**Problem requirements**
Return the records below in full. Keep every word exact and skip the images.

**Provided records**

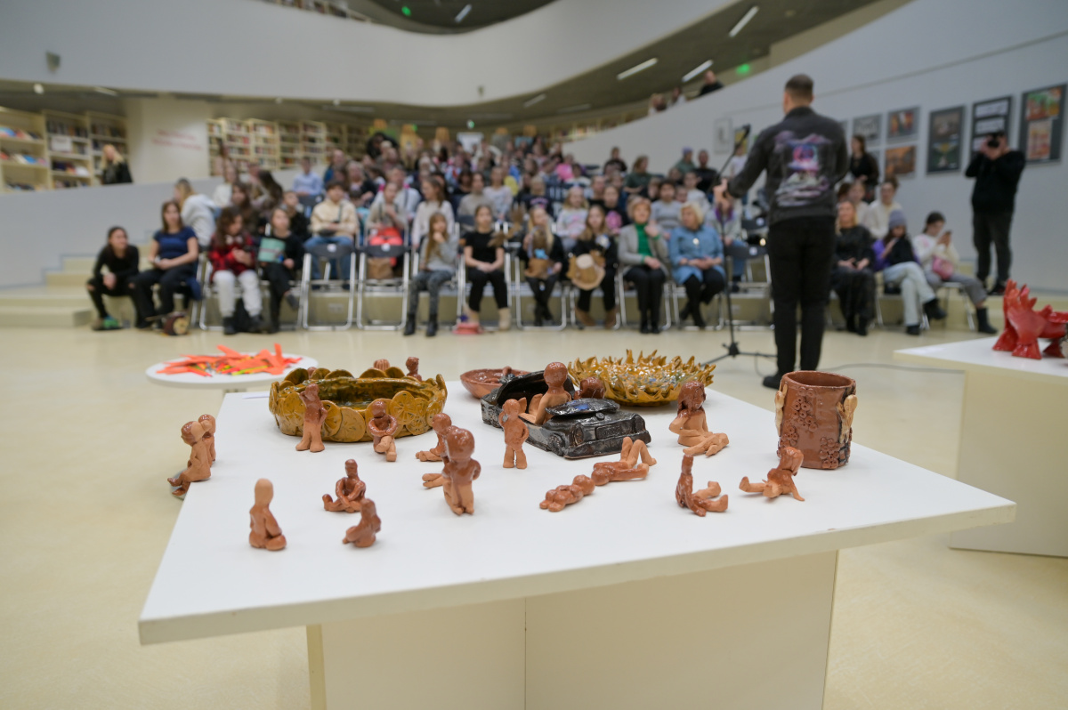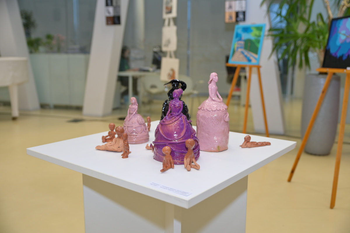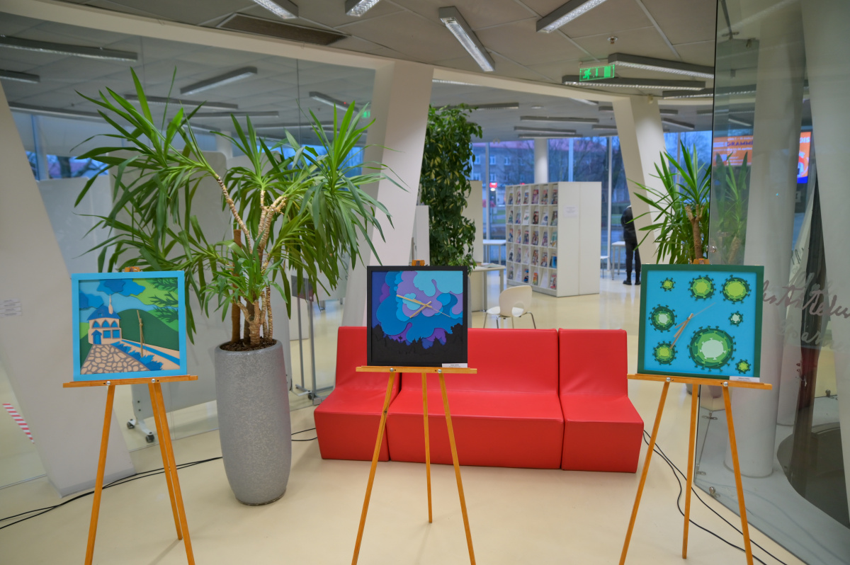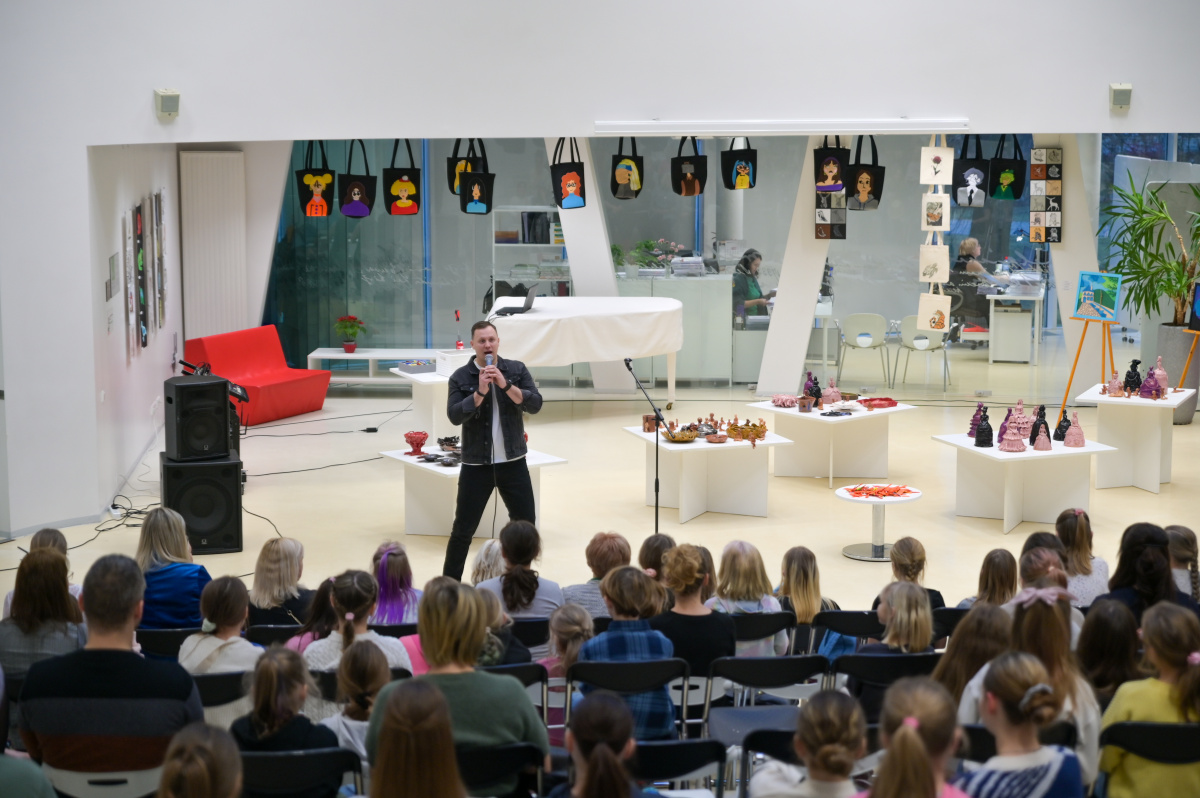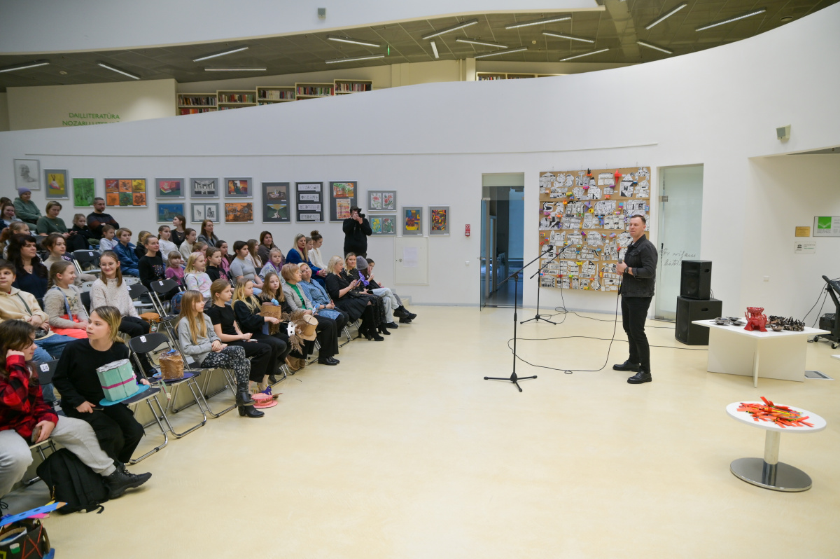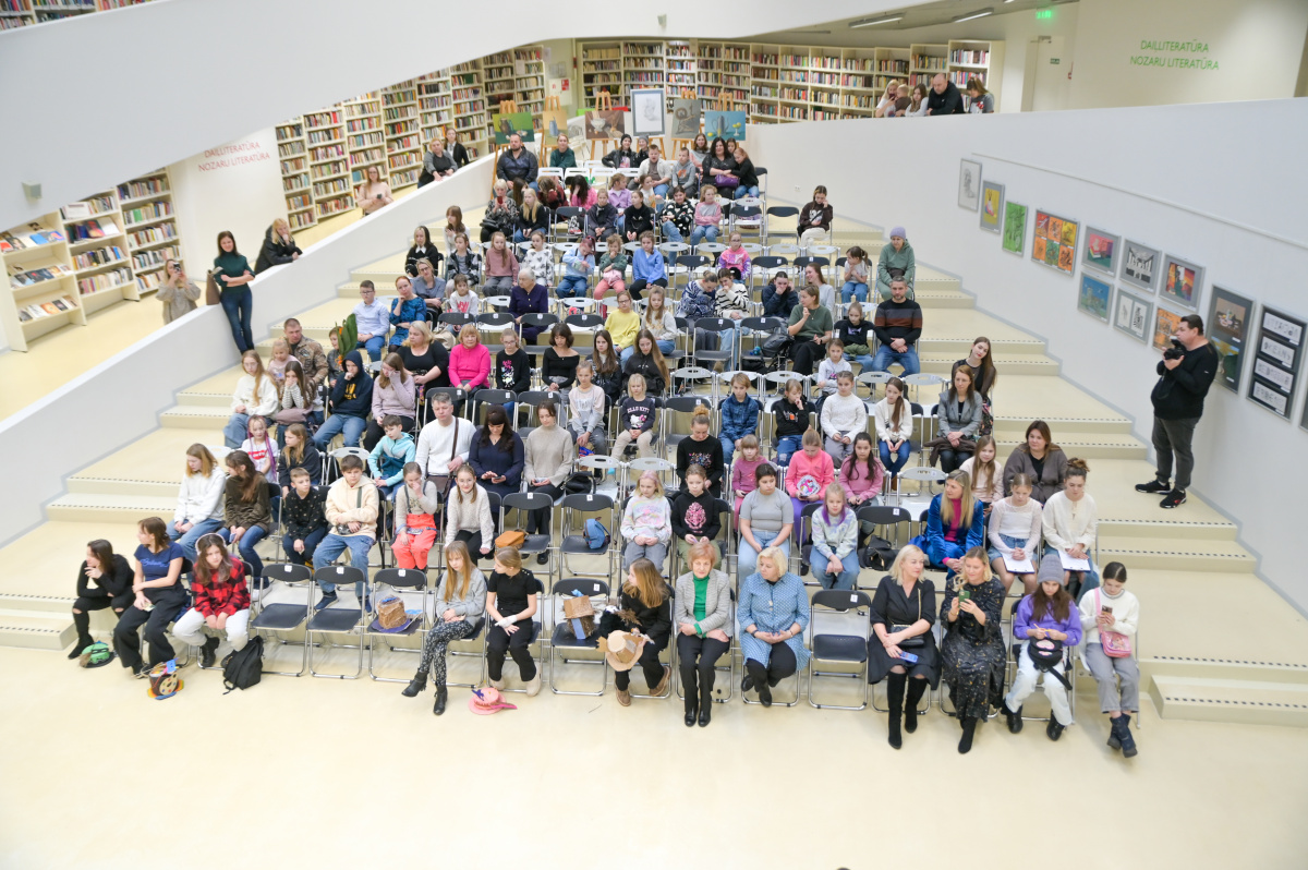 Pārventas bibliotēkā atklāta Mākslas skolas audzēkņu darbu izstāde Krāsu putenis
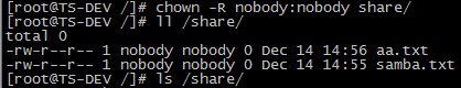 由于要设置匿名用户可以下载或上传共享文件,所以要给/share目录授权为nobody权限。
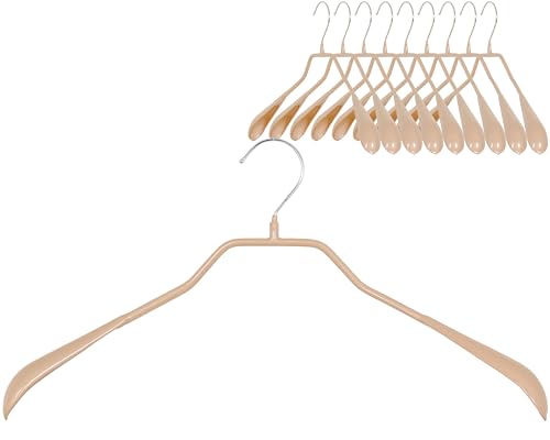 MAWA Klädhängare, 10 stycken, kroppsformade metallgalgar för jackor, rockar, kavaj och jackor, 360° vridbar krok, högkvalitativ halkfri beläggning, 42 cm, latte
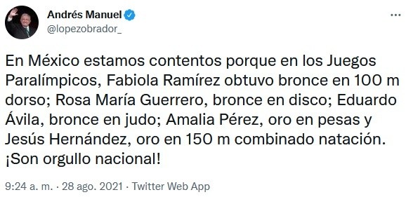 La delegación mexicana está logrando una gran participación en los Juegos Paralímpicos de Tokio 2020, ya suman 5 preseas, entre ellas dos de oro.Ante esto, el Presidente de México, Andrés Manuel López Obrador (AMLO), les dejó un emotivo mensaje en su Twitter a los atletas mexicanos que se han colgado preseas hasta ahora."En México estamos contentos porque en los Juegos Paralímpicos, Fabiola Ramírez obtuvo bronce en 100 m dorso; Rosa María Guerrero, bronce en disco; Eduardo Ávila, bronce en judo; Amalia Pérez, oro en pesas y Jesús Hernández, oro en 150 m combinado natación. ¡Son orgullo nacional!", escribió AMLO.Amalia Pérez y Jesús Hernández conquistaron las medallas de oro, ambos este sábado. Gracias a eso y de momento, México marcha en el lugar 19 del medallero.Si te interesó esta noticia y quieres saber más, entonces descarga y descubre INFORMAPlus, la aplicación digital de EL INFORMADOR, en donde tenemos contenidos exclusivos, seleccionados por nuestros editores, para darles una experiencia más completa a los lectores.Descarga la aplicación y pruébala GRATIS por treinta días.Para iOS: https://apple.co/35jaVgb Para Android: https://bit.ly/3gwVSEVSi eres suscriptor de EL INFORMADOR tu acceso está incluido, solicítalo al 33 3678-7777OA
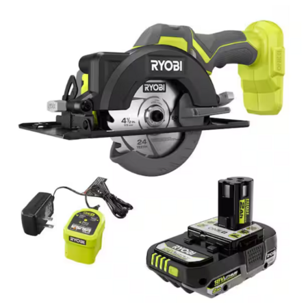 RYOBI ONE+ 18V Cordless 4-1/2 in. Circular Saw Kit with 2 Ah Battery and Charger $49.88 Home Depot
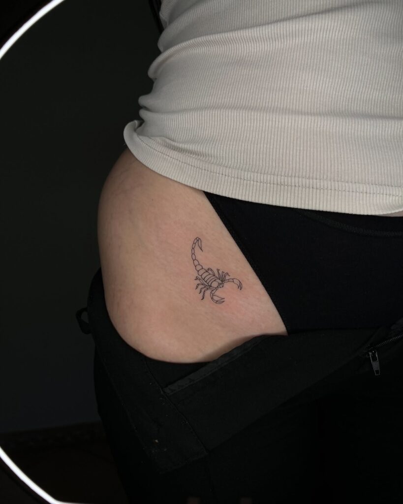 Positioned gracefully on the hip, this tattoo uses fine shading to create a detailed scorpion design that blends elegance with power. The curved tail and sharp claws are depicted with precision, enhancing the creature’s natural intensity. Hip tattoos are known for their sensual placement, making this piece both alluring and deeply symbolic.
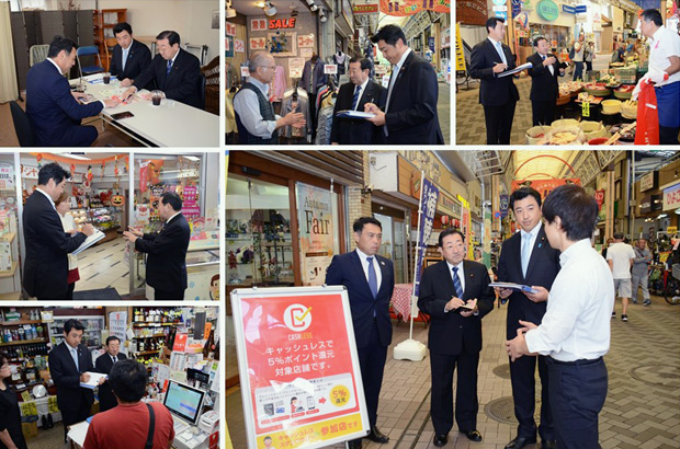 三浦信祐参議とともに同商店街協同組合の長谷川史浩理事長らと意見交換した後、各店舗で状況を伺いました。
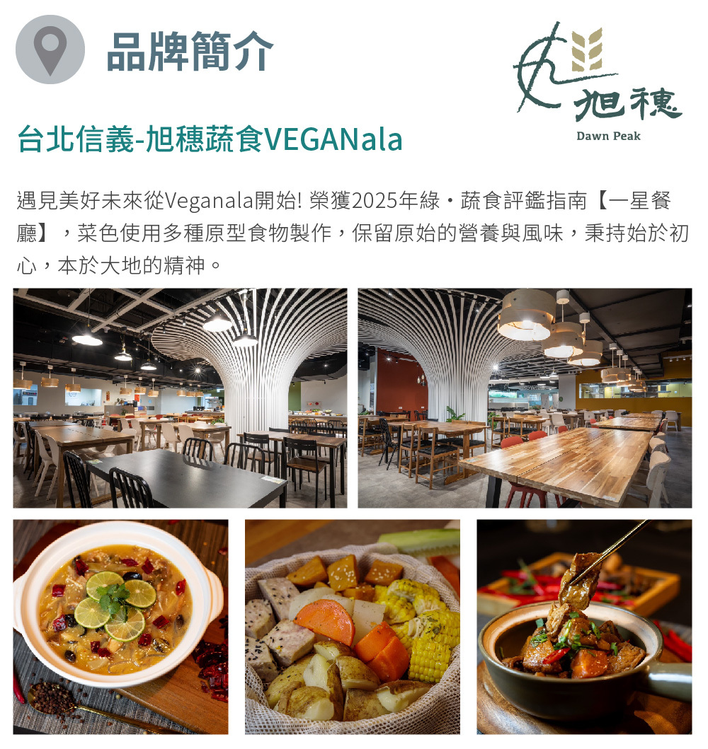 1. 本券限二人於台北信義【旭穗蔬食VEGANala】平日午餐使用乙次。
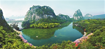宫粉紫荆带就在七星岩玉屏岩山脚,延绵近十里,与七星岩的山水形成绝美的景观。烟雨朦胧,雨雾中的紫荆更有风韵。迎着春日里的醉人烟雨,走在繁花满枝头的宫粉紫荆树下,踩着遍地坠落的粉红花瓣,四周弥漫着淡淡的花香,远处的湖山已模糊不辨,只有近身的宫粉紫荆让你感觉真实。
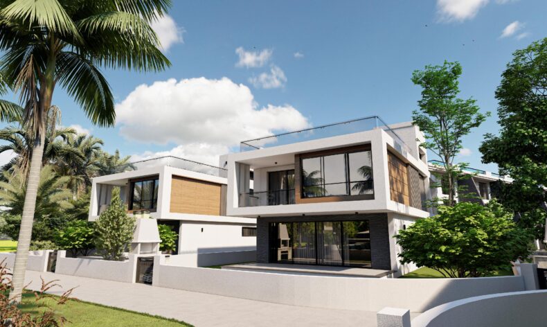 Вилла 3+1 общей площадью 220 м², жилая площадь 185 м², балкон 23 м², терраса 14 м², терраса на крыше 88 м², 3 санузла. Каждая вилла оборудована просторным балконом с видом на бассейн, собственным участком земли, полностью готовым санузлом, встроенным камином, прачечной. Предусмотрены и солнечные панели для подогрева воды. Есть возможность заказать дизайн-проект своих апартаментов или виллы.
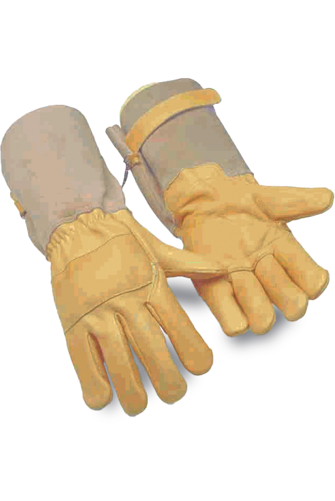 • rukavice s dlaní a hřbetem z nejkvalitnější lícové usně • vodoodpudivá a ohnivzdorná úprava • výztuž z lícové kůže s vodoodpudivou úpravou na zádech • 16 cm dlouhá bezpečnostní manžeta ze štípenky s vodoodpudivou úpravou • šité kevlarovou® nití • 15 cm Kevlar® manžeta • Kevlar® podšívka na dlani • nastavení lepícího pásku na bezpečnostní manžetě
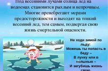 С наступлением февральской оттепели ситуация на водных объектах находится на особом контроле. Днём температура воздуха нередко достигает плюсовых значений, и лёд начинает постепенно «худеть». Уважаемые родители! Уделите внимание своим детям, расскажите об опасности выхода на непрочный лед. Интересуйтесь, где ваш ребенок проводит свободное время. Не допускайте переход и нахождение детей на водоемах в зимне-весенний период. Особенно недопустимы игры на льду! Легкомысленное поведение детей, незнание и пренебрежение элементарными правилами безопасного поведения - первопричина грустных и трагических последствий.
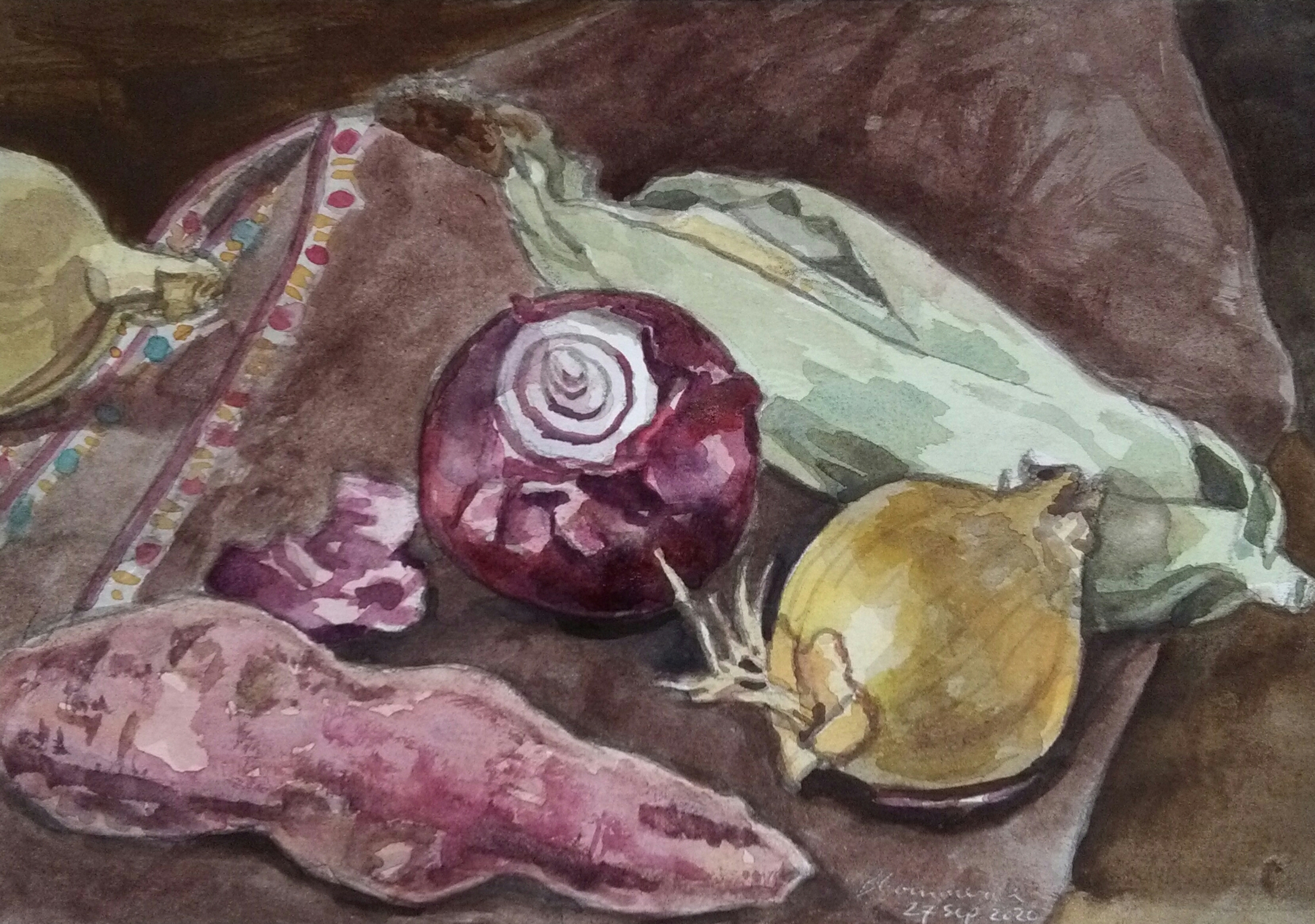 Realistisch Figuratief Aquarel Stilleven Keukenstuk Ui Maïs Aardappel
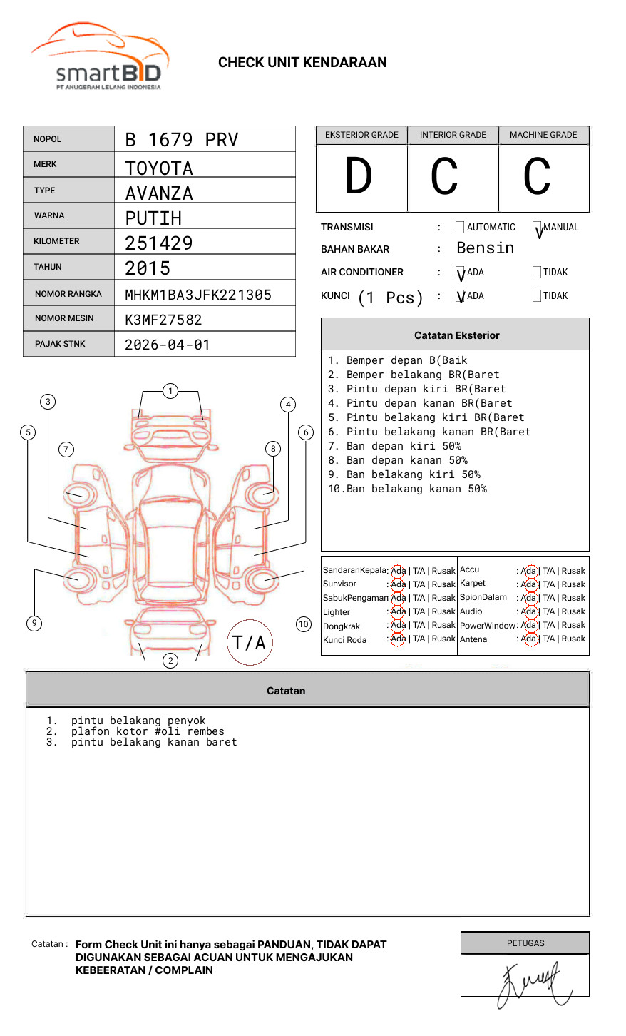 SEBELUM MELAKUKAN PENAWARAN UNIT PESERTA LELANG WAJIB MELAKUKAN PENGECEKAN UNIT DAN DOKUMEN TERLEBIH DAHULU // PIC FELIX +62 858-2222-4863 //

**Response**
 Pārventas bibliotēkā atklāta Mākslas skolas audzēkņu darbu izstāde Krāsu putenis
 由于要设置匿名用户可以下载或上传共享文件,所以要给/share目录授权为nobody权限。
 MAWA Klädhängare, 10 stycken, kroppsformade metallgalgar för jackor, rockar, kavaj och jackor, 360° vridbar krok, högkvalitativ halkfri beläggning, 42 cm, latte
 La delegación mexicana está logrando una gran participación en los Juegos Paralímpicos de Tokio 2020, ya suman 5 preseas, entre ellas dos de oro.Ante esto, el Presidente de México, Andrés Manuel López Obrador (AMLO), les dejó un emotivo mensaje en su Twitter a los atletas mexicanos que se han colgado preseas hasta ahora."En México estamos contentos porque en los Juegos Paralímpicos, Fabiola Ramírez obtuvo bronce en 100 m dorso; Rosa María Guerrero, bronce en disco; Eduardo Ávila, bronce en judo; Amalia Pérez, oro en pesas y Jesús Hernández, oro en 150 m combinado natación. ¡Son orgullo nacional!", escribió AMLO.Amalia Pérez y Jesús Hernández conquistaron las medallas de oro, ambos este sábado. Gracias a eso y de momento, México marcha en el lugar 19 del medallero.Si te interesó esta noticia y quieres saber más, entonces descarga y descubre INFORMAPlus, la aplicación digital de EL INFORMADOR, en donde tenemos contenidos exclusivos, seleccionados por nuestros editores, para darles una experiencia más completa a los lectores.Descarga la aplicación y pruébala GRATIS por treinta días.Para iOS: https://apple.co/35jaVgb Para Android: https://bit.ly/3gwVSEVSi eres suscriptor de EL INFORMADOR tu acceso está incluido, solicítalo al 33 3678-7777OA
 RYOBI ONE+ 18V Cordless 4-1/2 in. Circular Saw Kit with 2 Ah Battery and Charger $49.88 Home Depot
 Positioned gracefully on the hip, this tattoo uses fine shading to create a detailed scorpion design that blends elegance with power. The curved tail and sharp claws are depicted with precision, enhancing the creature’s natural intensity. Hip tattoos are known for their sensual placement, making this piece both alluring and deeply symbolic.
 三浦信祐参議とともに同商店街協同組合の長谷川史浩理事長らと意見交換した後、各店舗で状況を伺いました。
 1. 本券限二人於台北信義【旭穗蔬食VEGANala】平日午餐使用乙次。
宫粉紫荆带就在七星岩玉屏岩山脚,延绵近十里,与七星岩的山水形成绝美的景观。烟雨朦胧,雨雾中的紫荆更有风韵。迎着春日里的醉人烟雨,走在繁花满枝头的宫粉紫荆树下,踩着遍地坠落的粉红花瓣,四周弥漫着淡淡的花香,远处的湖山已模糊不辨,只有近身的宫粉紫荆让你感觉真实。
 Вилла 3+1 общей площадью 220 м², жилая площадь 185 м², балкон 23 м², терраса 14 м², терраса на крыше 88 м², 3 санузла. Каждая вилла оборудована просторным балконом с видом на бассейн, собственным участком земли, полностью готовым санузлом, встроенным камином, прачечной. Предусмотрены и солнечные панели для подогрева воды. Есть возможность заказать дизайн-проект своих апартаментов или виллы.
 • rukavice s dlaní a hřbetem z nejkvalitnější lícové usně • vodoodpudivá a ohnivzdorná úprava • výztuž z lícové kůže s vodoodpudivou úpravou na zádech • 16 cm dlouhá bezpečnostní manžeta ze štípenky s vodoodpudivou úpravou • šité kevlarovou® nití • 15 cm Kevlar® manžeta • Kevlar® podšívka na dlani • nastavení lepícího pásku na bezpečnostní manžetě
 С наступлением февральской оттепели ситуация на водных объектах находится на особом контроле. Днём температура воздуха нередко достигает плюсовых значений, и лёд начинает постепенно «худеть». Уважаемые родители! Уделите внимание своим детям, расскажите об опасности выхода на непрочный лед. Интересуйтесь, где ваш ребенок проводит свободное время. Не допускайте переход и нахождение детей на водоемах в зимне-весенний период. Особенно недопустимы игры на льду! Легкомысленное поведение детей, незнание и пренебрежение элементарными правилами безопасного поведения - первопричина грустных и трагических последствий.
 Realistisch Figuratief Aquarel Stilleven Keukenstuk Ui Maïs Aardappel
 SEBELUM MELAKUKAN PENAWARAN UNIT PESERTA LELANG WAJIB MELAKUKAN PENGECEKAN UNIT DAN DOKUMEN TERLEBIH DAHULU // PIC FELIX +62 858-2222-4863 //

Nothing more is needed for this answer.